My goal is to have RESTful services with as much standards included as possible, while I want to keep it as simple as possible.

OP here (I am answering this question after two years, the post made by Daniel Cerecedo was not bad at a time, but the web services are developing very fast)
After three years of full-time software development (with focus also on software architecture, project management and microservice architecture) I definitely choose the second way (but with one general endpoint) as the best one.
If you have a special endpoint for images, it gives you much more power over handling those images.
We have the same REST API (Node.js) for both - mobile apps (iOS/android) and frontend (using React). This is 2017, therefore you don't want to store images locally, you want to upload them to some cloud storage (Google cloud, s3, cloudinary, ...), therefore you want some general handling over them.
Our typical flow is, that as soon as you select an image, it starts uploading on background (usually POST on /images endpoint), returning you the ID after uploading. This is really user-friendly, because user choose an image and then typically proceed with some other fields (i.e. address, name, ...), therefore when he hits "send" button, the image is usually already uploaded. He does not wait and watching the screen saying "uploading...".
The same goes for getting images. Especially thanks to mobile phones and limited mobile data, you don't want to send original images, you want to send resized images, so they do not take that much bandwidth (and to make your mobile apps faster, you often don't want to resize it at all, you want the image that fits perfectly into your view). For this reason, good apps are using something like cloudinary (or we do have our own image server for resizing).
Also, if the data are not private, then you send back to app/frontend just URL and it downloads it from cloud storage directly, which is huge saving of bandwidth and processing time for your server. In our bigger apps there are a lot of terabytes downloaded every month, you don't want to handle that directly on each of your REST API server, which is focused on CRUD operation. You want to handle that at one place (our Imageserver, which have caching etc.) or let cloud services handle all of it.
small 2023 update: If possible, but CDN in front of the pictures, it usually will save you a lot of money and make the pictures even more available (i.e. no issues when peaks happen).
Cons : The only "cons" which you should think of is "not assigned images". User select images and continue with filling other fields, but then he says "nah" and turn off the app or tab, but meanwhile you successfully uploaded the image. This means you have uploaded an image which is not assigned anywhere.
There are several ways of handling this. The most easiest one is "I don't care", which is a relevant one, if this is not happening very often or you even have desire to store every image user send you (for any reason) and you don't want any deletion.
Another one is easy too - you have CRON and i.e. every week and you delete all unassigned images older than one week.
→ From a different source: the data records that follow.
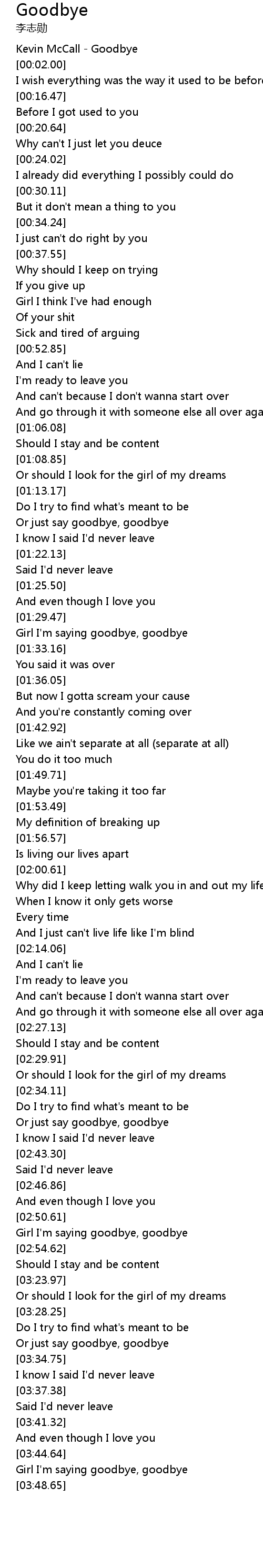| [00:00.00] | Kevin McCall - Goodbye |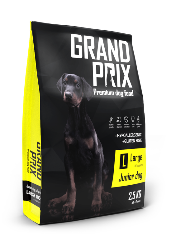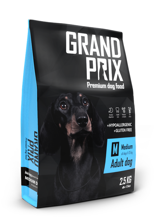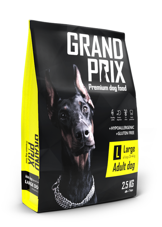 GRAND PRIX Premium dog food имеет четыре ассортиментные линейки кормов для разных классов пород. Широкий ассортимент позволяет подобрать высококачественное питание с учетом индивидуальных особенностей собаки. Составы кормов разработаны ведущими ветеринарами так, чтобы с кормом собака каждой породы получала необходимый ей набор полезных веществ и максимальную пользу на разных этапах жизненного цикла. Корма из ассортимента GRAND PRIX подойдут собакам всех пород.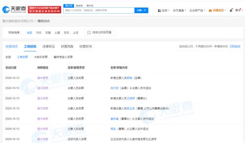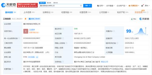 天眼查App显示,近日,重庆钢铁(601005)发生工商变更,谢志雄卸任法定代表人、董事长,由王虎祥接任,同时部分高管发生变更。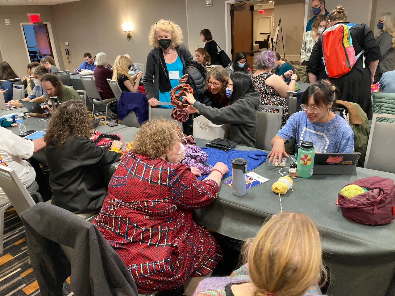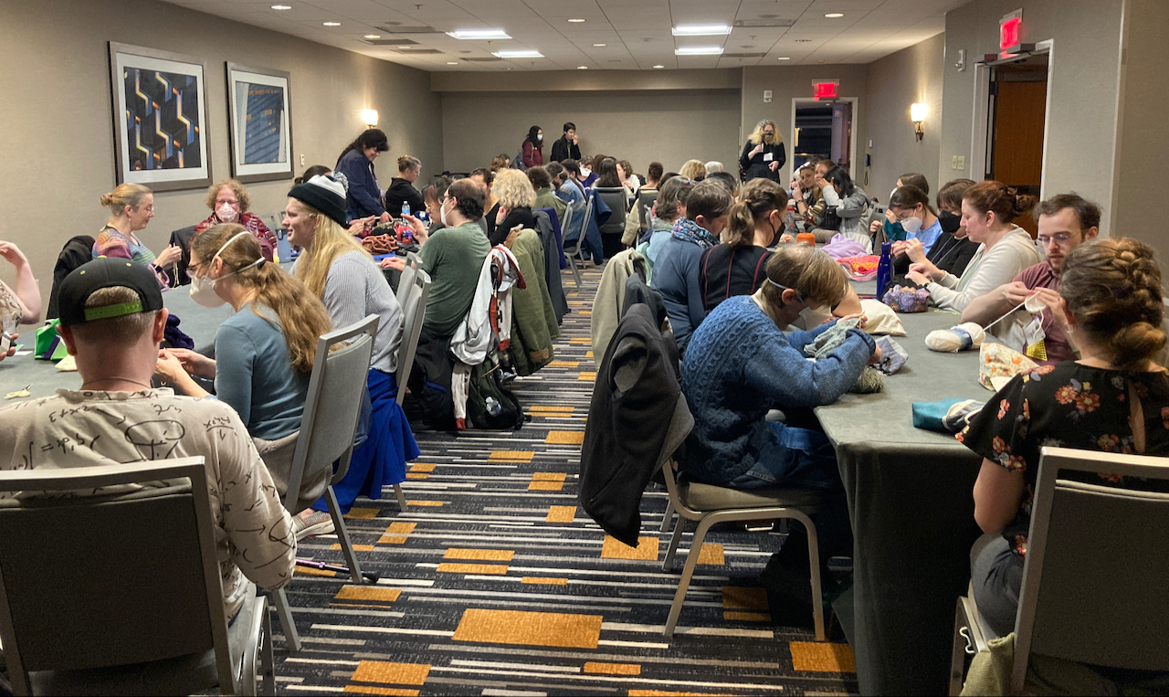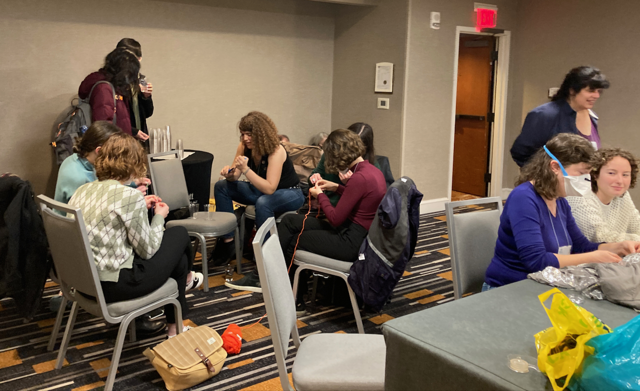 Shortly after, more people arrived than there were chairs in the room. We quickly stole a dozen chairs from a nearby empty room. There were at least 65 attendees (at least that's how many appeared on our sign-in sheet)! In addition to JMM participants, local Ravelers and local high-school students (from a class involving math and fiber arts!) joined us.

There are several decisions to make:
The first about resource path:
Model the image as a resource on its own:
Nested in user (/user/:id/image): the relationship between the user and the image is made implicitly
In the root path (/image):
The client is held responsible for establishing the relationship between the image and the user, or;
If a security context is being provided with the POST request used to create an image, the server can implicitly establish a relationship between the authenticated user and the image.
Embed the image as part of the user
The second decision is about how to represent the image resource:
As Base 64 encoded JSON payload
As a multipart payload
This would be my decision track:
I usually favor design over performance unless there is a strong case for it. It makes the system more maintainable and can be more easily understood by integrators.
So my first thought is to go for a Base64 representation of the image resource because it lets you keep everything JSON. If you chose this option you can model the resource path as you like.
If the relationship between user and image is 1 to 1 I'd favor to model the image as an attribute specially if both data sets are updated at the same time. In any other case you can freely choose to model the image either as an attribute, updating the it via PUT or PATCH, or as a separate resource.
If you choose multipart payload I'd feel compelled to model the image as a resource on is own, so that other resources, in our case, the user resource, is not impacted by the decision of using a binary representation for the image.
Then comes the question: Is there any performance impact about choosing base64 vs multipart?. We could think that exchanging data in multipart format should be more efficient. But this article shows how little do both representations differ in terms of size.
My choice Base64:
Consistent design decision
Negligible performance impact
As browsers understand data URIs (base64 encoded images), there is no need to transform these if the client is a browser
I won't cast a vote on whether to have it as an attribute or standalone resource, it depends on your problem domain (which I don't know) and your personal preference.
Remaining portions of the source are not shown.